*** Opening of Dataset extract ***
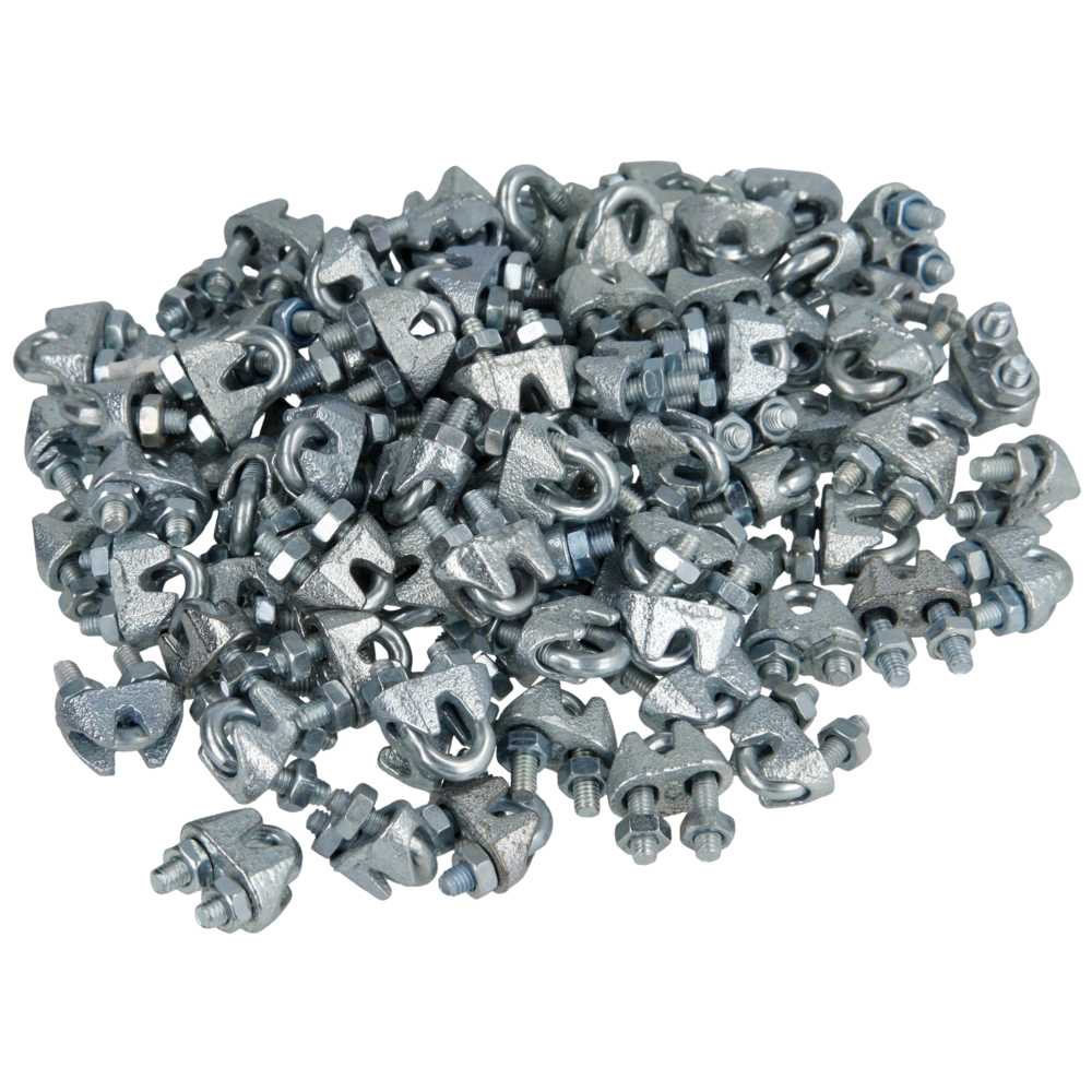 Staaldraadklemmen van verzinkt staal voor het verbinden van meerdere draad- of staalkabels van verzinkt staal.
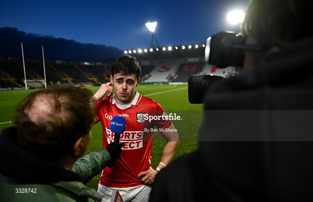 25 January 2026; Darragh Fitzgibbon of Cork is interviewed by RTÉ's Marty Morrissey after his side's victory in the Allianz Hurling League Division 1A match between Cork and Waterford at SuperValu Páirc Uí Chaoimh in Cork. Photo by Ben McShane/Sportsfile
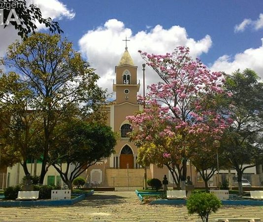 08OUT – Ipê florido na praça da Matriz, parte do cartão postal
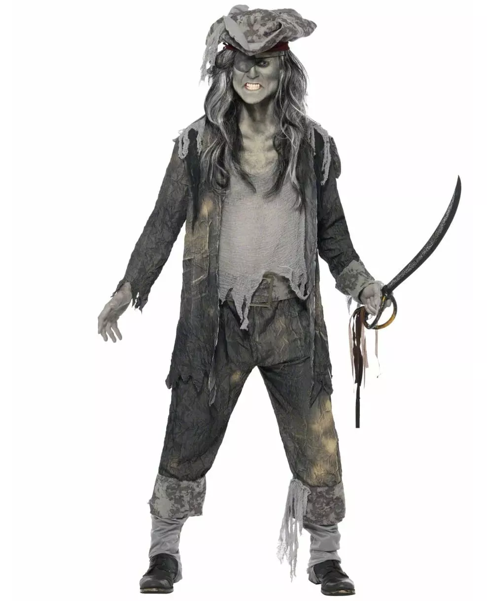 Hatt inkludert! Dette piratspøkelseskostymet for menn består av en jakke, bukser og en hatt (sabel, sko, parykk og øyelapp er ikke inkludert). Buksene er grå og har en elastisk linning. Et belte og støveltrekk er sydd foran. Den matchende jakken har lange ermer. Den er kamskjellformet i endene. Et slitt nett er sydd på en del av jakken. En hatt passer også til dette kostymet. Dette settet vil være ideelt for Halloween-festen din eller andre utkledningsarrangementer. Inkludert tilbehør: Jakke Bukser Hatt Materiale: 100 % polyester Vedlikehold: Håndvask
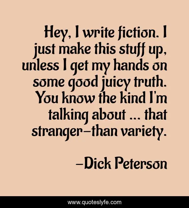 "Dick Peterson Quotes." Quoteslyfe.com, 2025. Fri. 05 Dec. 2025. <https://www.quoteslyfe.com/quote/Hey-I-write-fiction-I-just-make-10581>.
*** Close of Dataset extract ***
Only the lines from the top of the material through the line containing "25 January 2026;" should be written out, exactly and without pictures.

 Staaldraadklemmen van verzinkt staal voor het verbinden van meerdere draad- of staalkabels van verzinkt staal.
 25 January 2026; Darragh Fitzgibbon of Cork is interviewed by RTÉ's Marty Morrissey after his side's victory in the Allianz Hurling League Division 1A match between Cork and Waterford at SuperValu Páirc Uí Chaoimh in Cork. Photo by Ben McShane/Sportsfile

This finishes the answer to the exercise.